By Tom Marino | December 22, 2021
Last Updated: December 22, 2021

Massachusetts legislators avoided a spiking prices on eggs and pork products at the start of the new year by defying the will of voters for the second time in as many ballot initiatives during the 2016 election.

Massachusetts voters approved ballot Question Three, Minimum Size Requirements for Farm Animal Containment, on Election Day, November 8, 2016, by a margin of 2,530,143 (77.64%) to 728,654 (22.36%). Voters affirmed the question which prohibits “breeding pigs, calves raised for veal, and egg-laying hens from being held in spaces which prevent an animal from lying down, standing up, fully extending its limbs, or turning around freely.” The initiative set an implementation date of January 1, 2022.

Despite five years to implement the mandate of the voters, the legislature passed a bill on Monday.

Without legislative action, the language in the ballot initiative would become law. It required that hen laying eggs have no less than 1.5 feet of floor space in cages. Some animal rights groups and industry representatives say that since the law passed, the industry standard cages are one foot wide with more vertical floor space. With legislative action, most eggs would be illegal to sell on January 1.

The issue that prevented passing a bill had nothing to do with eggs.

The Massachusetts House of Representatives passed a bill which delayed the implementation of regulations in the initiative for humane treatment of pigs until 2023. The Senate version complied with the will of the voters in the 2016 initiative.

A conference committee, which includes members from both houses to work out the differences in the bills, convened in October. It announced a compromise on Monday to delay the regulations on pigs for seven and one-half months.

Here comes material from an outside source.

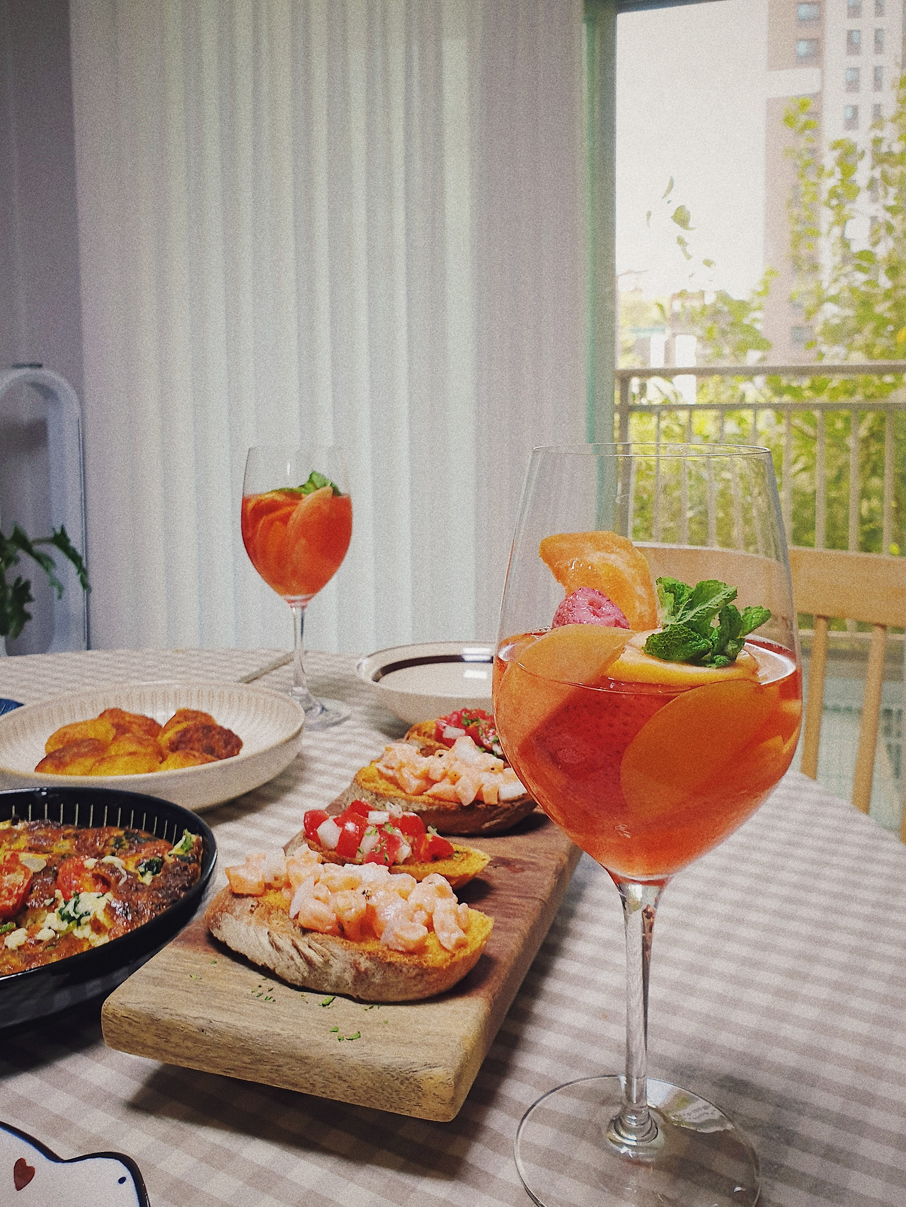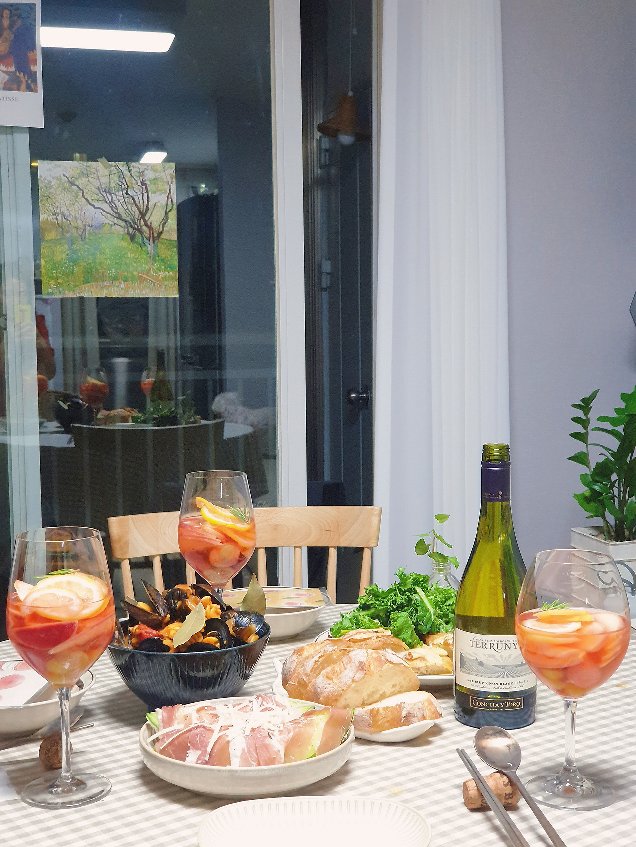 집들이를 특별한 분위기로 만들고 싶다면, 샹그리아를 추천한다. 일단 비주얼적으로 점수를 먹고 들어가는 것뿐만 아니라, 물리적으로도 그다지 힘들지 않아 적은 공수로 분위기 내기 매우 좋다. 샹그리아는 집들이 하루 전에 담그는 것이 좋다. 미리 준비한다고 이틀 전에 담가보았는데, 특히 베리류의 과일들이 흐믈흐믈해져서 보기가 좋지 않았다. 따라서 하루 전에 담그는 것을 권장한다. 모스카토 같이 달달한 와인들을 많이들 사용하지만, 단 것을 좋아하지 않는 사람들은 이마트의 도스 코파스 화이트를 사용하면 된다. 한 병에 4,900원이라 몹시 혜자스럽다. 과일 종류는 시트러스 계열 과일 1개와 색을 낼 수 있는 베리류는 필수. 나머지는 냉장고에 방치되어 있는 과일들을 하나씩 넣어주면 된다. 처음에는 자몽을 넣었었고, 두 번째는 레몬을 넣었었는데 개인적으로는 레몬이 더욱 상큼해서 맛이 좋았다. 해본 것 중 가장 맛있었던 조합은 레몬, 사과, 청포도, 딸기 조합. 딸기에서 물이 빠져나와 만든 오렌지빛 컬러는 보기만 해도 상큼하다. 각종 과일들을 도스 코파스 화이트 와인에 담가놓고, 다음날 꺼내 손님을 대접할 때에 허브 하나씩 올리고 탄산수를 조금씩 부어주면 그만이다. 간편하고, 분위기까지 로맨틱하게 만들어주니, 그것이야 말로 일석이조.

A unified version of the bill passed both houses on Monday, sending it to the Governor’s desk for signing into law.

Ballot question four in 2016, the Massachusetts Marijuana Legalization Initiative, approved by 53.66% of voters, set a date of January 1, 2018 for implementation. The legislature also delayed implementation of the will of the voters on that initiative by six months until July. In practice, the first store for recreational use marijuana was not allowed to open until November.